TASTING NOTES FROM THE CURATOR

Coming in small, flat, circular disks with a hard natural rind, the picodon is made with only a very small amount of rennet added before being poured into their molds. At its youngest of 8 to 12-day maturity, its smooth center has a fresh, gentle taste. The longer it is aged, the more of its weight it loses, and develops a harder center and a more concentrated flavor, as well as a more pungent smell. At its oldest of at least 30-day maturity, it becomes a crumbly, dry cheese with a fuller, spicier flavor.

PAIRINGS AND PREPARATION

The picodon is a very versatile cheese. You’ll find its youngest iteration to be perfect on salads, or mixed with olive oil and herbs on bread. Feel free to try with our favorite, Sourdough Bread from Naked Bakery. Mid-age, it works well mixed with garlic and shallots, and paired with either a red or a white wine. At its oldest, it is a great addition to a cheese platter, its spiciness balancing out the gentler cheeses.

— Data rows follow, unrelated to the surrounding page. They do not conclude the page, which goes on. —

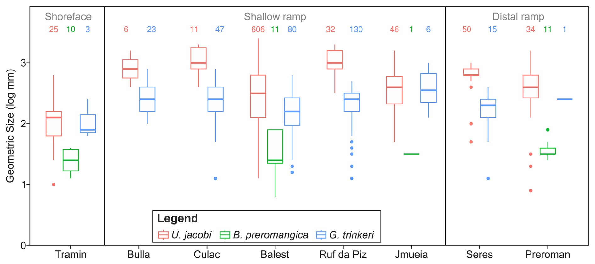 Figure 7Differences in the body sizes of three bivalves (Unionites jacobi, Bakevellia preromangica and Gardenapecten trinkeri) that appear in the Permian (pre-extinction) succession in all major environmental settings. The locations are organized according to their proximity to the coastline at the time of the Permian/Triassic boundary, see also Fig. 1.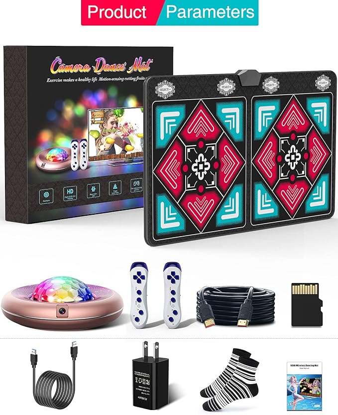 - HD Camera Indoor Dance Floor: 🎥 Transform your living room into a dance studio with our TV danceing mat! The installation is simple plug-and-play. HDMI input delivers instant video transmission, while the HD camera captures precise body movements for enhanced camera-based games. The mesmerizing disco ball creates a vibrant light show, making family dance nights unforgettable with sophisticated entertainment.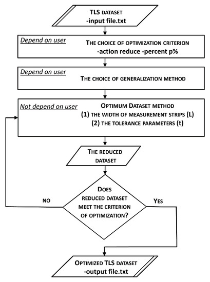 In step 1, the algorithm read the input TLS dataset in *.txt format. Depending on the content of the input file, the user modifies the configuration file. In step 2, the OptD method starts asking to the user to set a proper optimization criterion (f). Such a criterion can specify, for instance, a percentage of the total number of points in the original point cloud, leading to a data reduction of exactly the percentage value specified by (f). This is the most commonly accepted optimization criterion, as the result of optimization is the most characteristic point in the dataset—the higher the degree of reduction, the more visible changes will be on the object. Multiple optimization criteria can also be considered, if needed, in the OptD-multi case [30].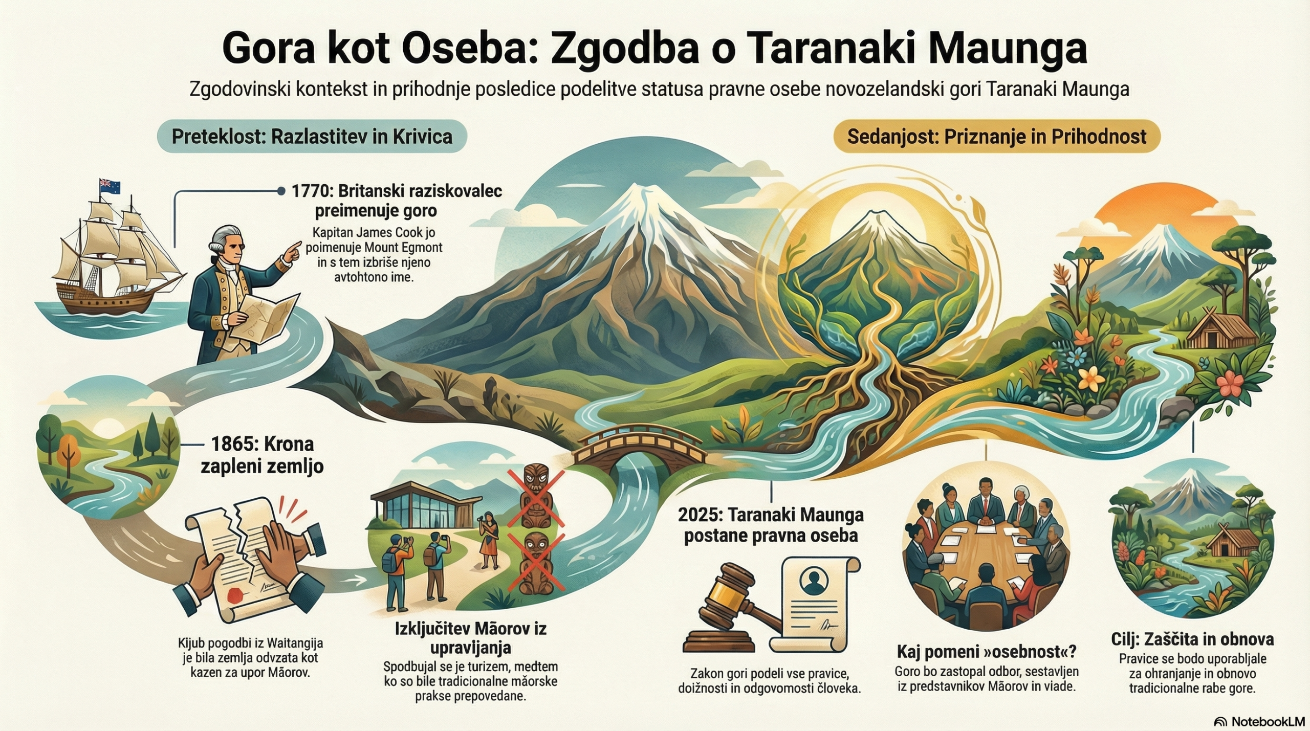 Prispevek na spletnem portalu CNN v rubriki Travel o gori Taranaki Maunga (angl. Mount Taranaki) v Novi Zelandiji, ki je dobila pravno osebnost. To ji podeljuje enake pravice, dolžnosti in odgovornosti kot človeku. V nadaljevanju podajamo kratek povzetek prispevka.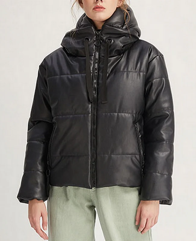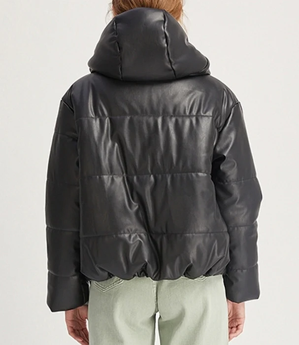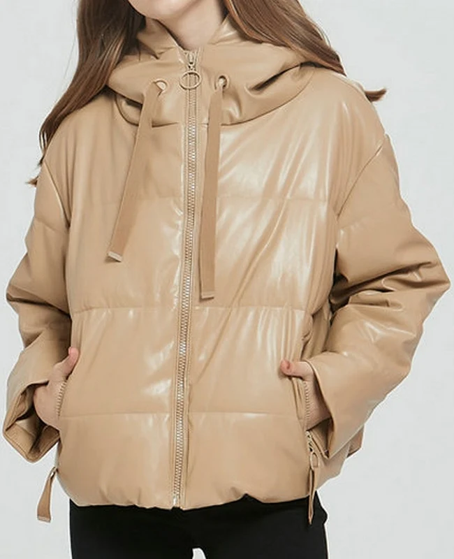 El modelo Clyra es un abrigo plumas de polipiel. Diseño con cremallera, bolsillos y capucha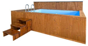 Wymiary basenu to 485 cm x 235 cm. Drewno odporne – poddane suszeniu komorowemu oraz procesowi termowania. Pojemność 6840 litrów.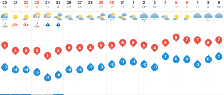 Csütörtökön észak-északnyugat felől egy erős hidegfront robog be hazánkba. A front előtt eső, havas eső és ónos eső is előfordulhat, majd a front érkeztével záporok tarkíthatják a napot Szegeden. A nyugatira, északnyugatira forduló szelet erős, viharos lökések kísérik majd. A legmagasabb hőmérséklet Szegeden 5 fok körül alakulhat, de a front mögött gyorsan visszaesik majd a hőmérséklet.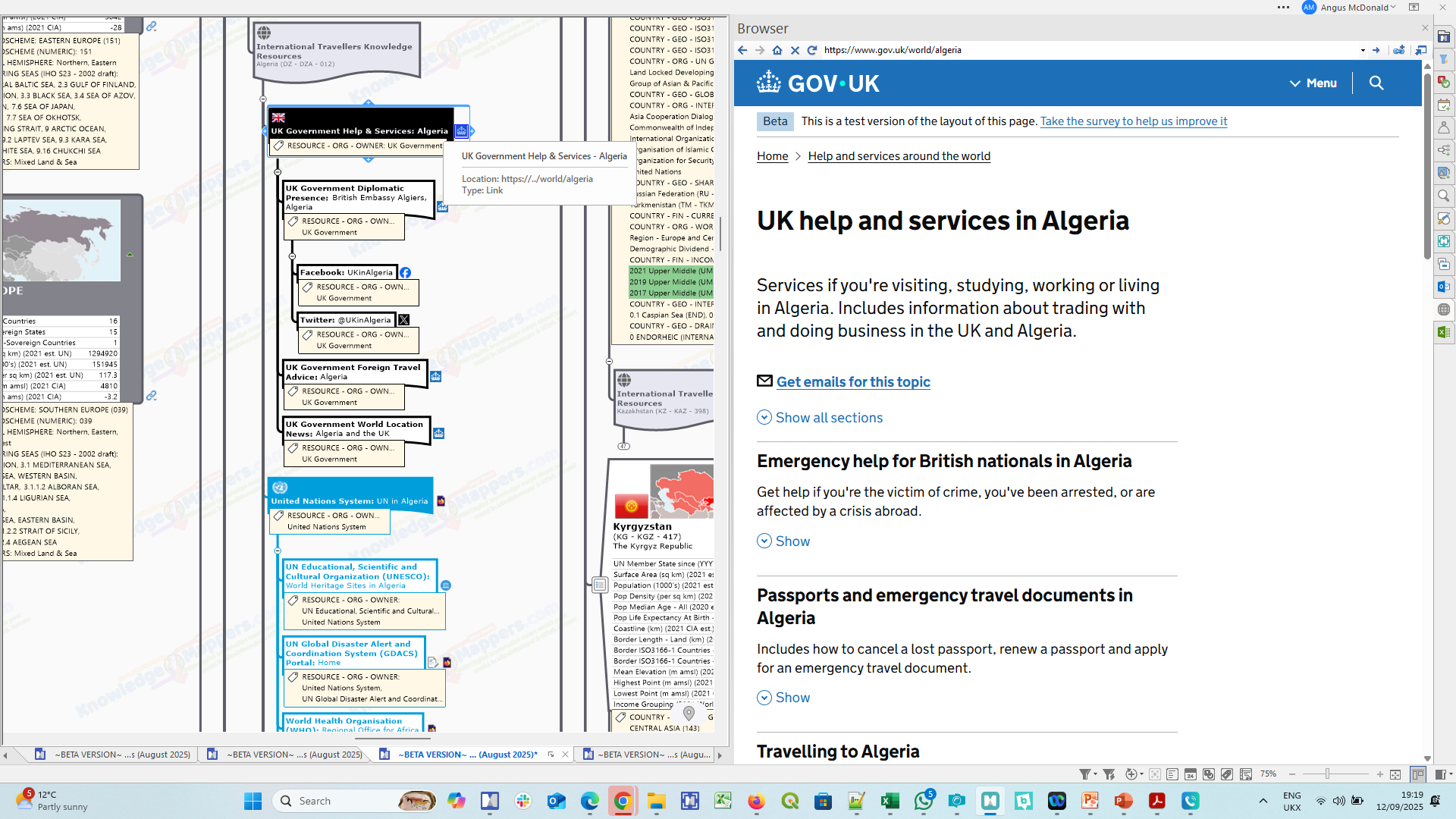 In this GB Edition the collections of sub-branches with single links to International Travellers knowledge resources of the General Edition are supplemented by an additional collection of ~1,900 resources specifically produced by the UK Government for the benefit of UK nationals travelling abroad, be it for business or pleasure. Both collections are ‘built out on top of’ our Countries of the World – Base Knowledge Atlas, with it’s rich visual knowledge framework of Region and Country seed branches, each with their own rich visual mix of contextual knowledge elements embedded within them, or attached to them (including multiple hyperlinks to ~30 core general & geographic knowledge resources).

One of the best ways to enjoy this dry goat cheese is in a Cirque Ardechoise, a traditional French dish from Ardeche that is easy enough to make. Julienned potatoes are combined with eggs, garlic, and parsley. Divided into two, the mixture is spread out onto a round pan with oil, and cooked until light brown. Slices of the picodon are then sandwiched between the two potato pancakes, and sprinkled on the top, and cooked until melted. Serve with a light, crisp white wine.

THE SPICY CHEESE

The word, “picodon” comes from an old French language, Occitan. It is a language that, 200 years ago, lost to modern French as the chosen language to unify the French nation. But those in the area still speak or at least understand the old language, and can tell you with immediacy that the word literally means “spicy.

Storage Instructions

Cheeses (except brined ones in jars) should be stored in the crisper or the butter drawer of a refrigerator, not on the shelves themselves. This is to help regulate their temperature and humidity levels—and prevents the formation of mold. Once opened, they should not be kept in their original packaging. Soft cheeses with delicate rinds need to breathe, so they are best placed in glass containers lined with paper towels to absorb extra moisture. Leave the lid open a tiny bit for air to circulate and don’t forget to write up a label with the date you first opened the package. Your cheese will be fine for up to one month. Cheeses are air-flown from France on demand. They are meant to be consumed within 1 to 2 weeks of their arrival at your residence.